21. A method of identifying a high-risk subject, the method comprising: hybridizing a detectably-labeled nucleic acid from a sample from the subject to a PathoChip array, wherein the PathoChip comprises a plurality of probes specific for a plurality of respiratory pathogens, a plurality of probes specific for Coronaviruses, and a plurality of probes specific for immune markers of innate and adaptive responses to infections, inflammation, immune disorders, metabolism, and toxicological responses, wherein when the nucleic acid from the sample hybridizes to at least three Coronavirus probes on the PathoChip and at least three probes specific for a immune markers of innate and adaptive responses, the subject is identified as high-risk.
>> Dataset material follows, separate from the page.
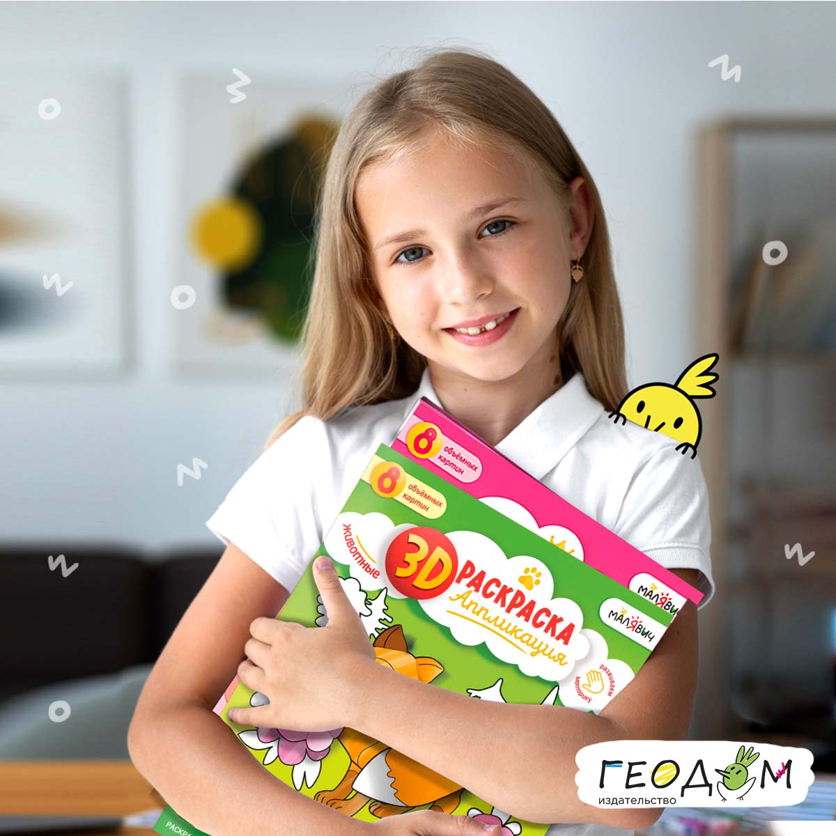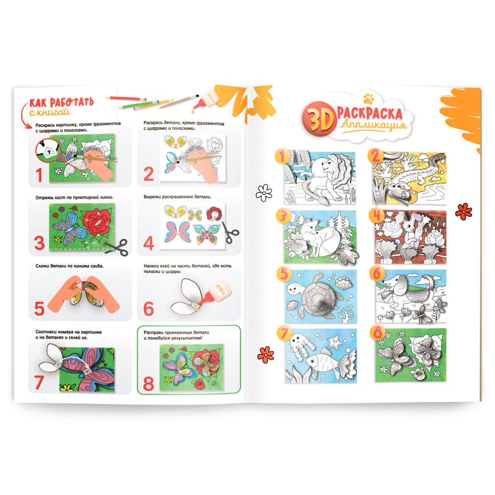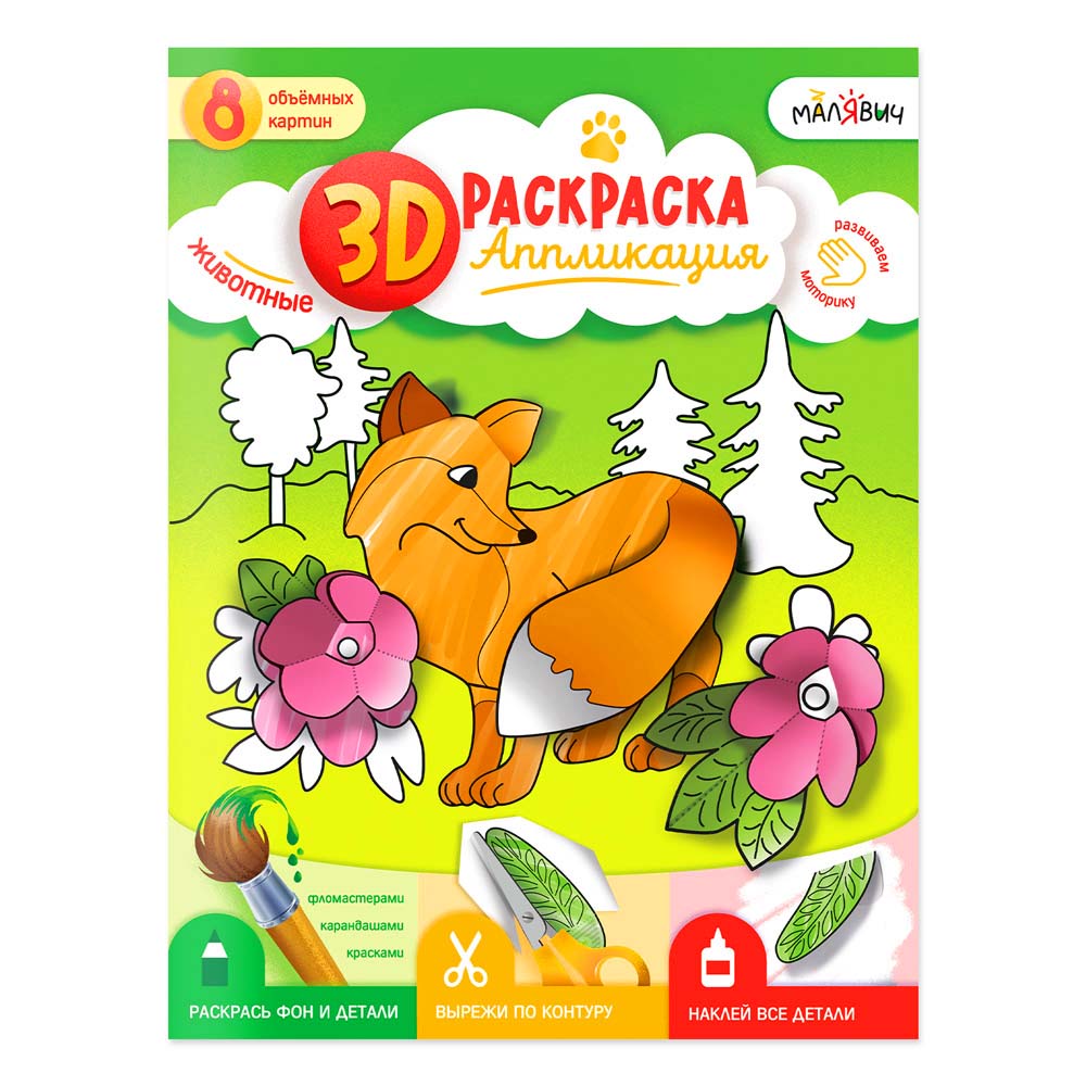 «3D-раскраска-аппликация. Животные» под брендом «МалЯвич» – это творческая тетрадь для создания объёмных картин! Внутри 8 картинок животных и детали к ним. Раскрасьте, вырежьте, приклейте – и полюбуйтесь результатом! Готовые картины можно подарить друзьям, украсить ими комнату или устроить выставку. Рекомендовано для детей дошкольного возраста.
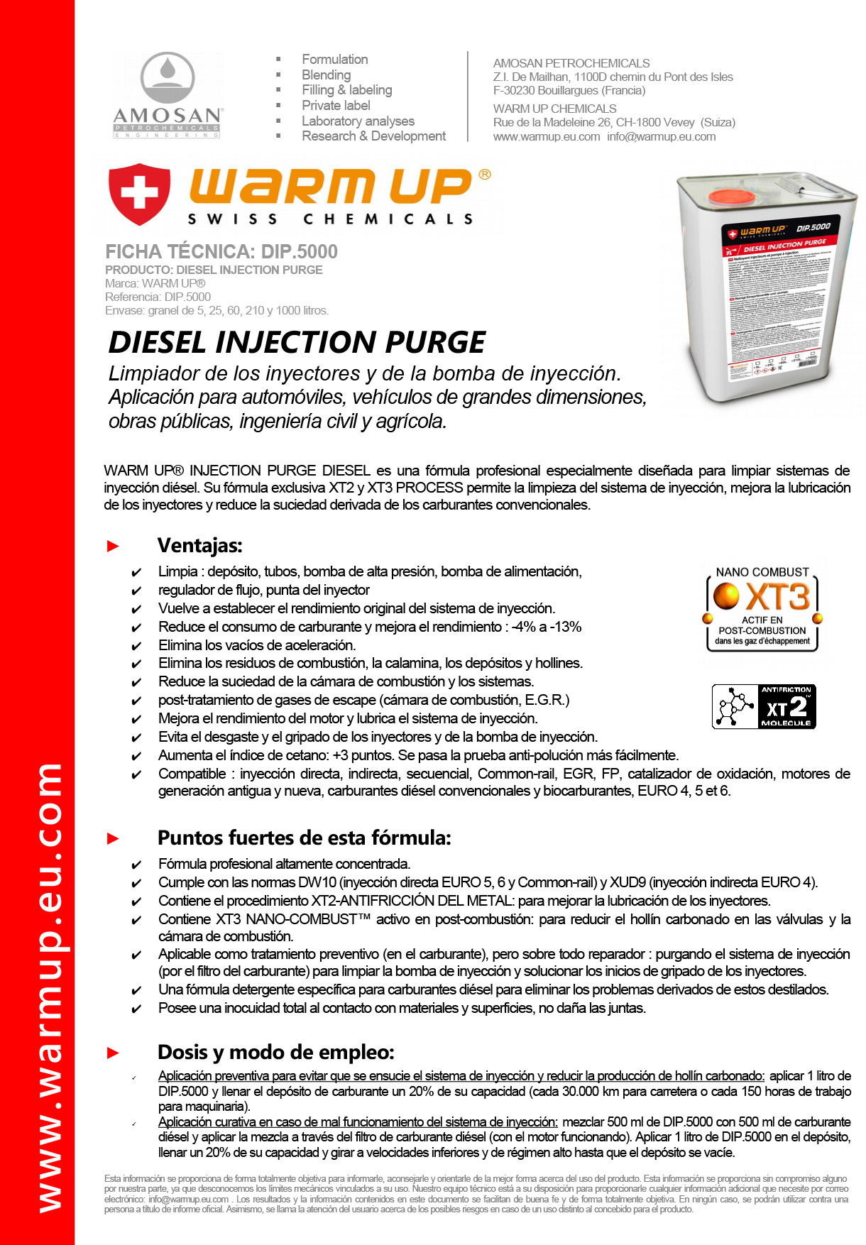 WARM UP® DIESEL INJECTION PURGE est une formule professionnelle spécialement développée pour le nettoyage des systèmes d'injection diesel. Sa formule exclusive XT2 et XT3 PROCESS permet de nettoyer le système d'injection, d'améliorer la lubrification des injecteurs et de réduire les encrassements liés aux carburants conventionnels.

22. The method of any one of claims 18-21, wherein the Coronavirus probes comprise at least one nucleotide sequence selected from the group consisiting of SEQ ID NOs: 1-37.

23. The method of any one of claims 18-21, wherein the Coronavirus probes consist of the nucleotide sequences set forth in SEQ ID NOs: 1-37.

24. The method of any one of claims 18-21, further comprising wherein when a Coronavirus is detected in the sample from the subject or the subject is identified as high-risk, then the subject is administered a treatment for the Coronavirus.

25. The method of any one of claims 18-21, wherein the plurality of probes specific for immune markers of innate and adaptive responses comprises at least one nucleotide sequence selected from the group consisiting of SEQ ID NOs: 38- 4,671.

26. The method of any one of claims 18-21, wherein the plurality of probes specific for immune markers of innate and adaptive responses consists of the nucleotide sequences set forth in SEQ ID NOs: 38-4,671.

27. The method of any of the preceding claims, wherein the subject is human.

28. The method of any of the preceding claims, wherein the detectably-labeled nucleic acid is labeled with a fluorophore, radioactive phosphate, biotin, or enzyme.

29. The method of claim 25, wherein the fluorophore is Cy3 or Cy5.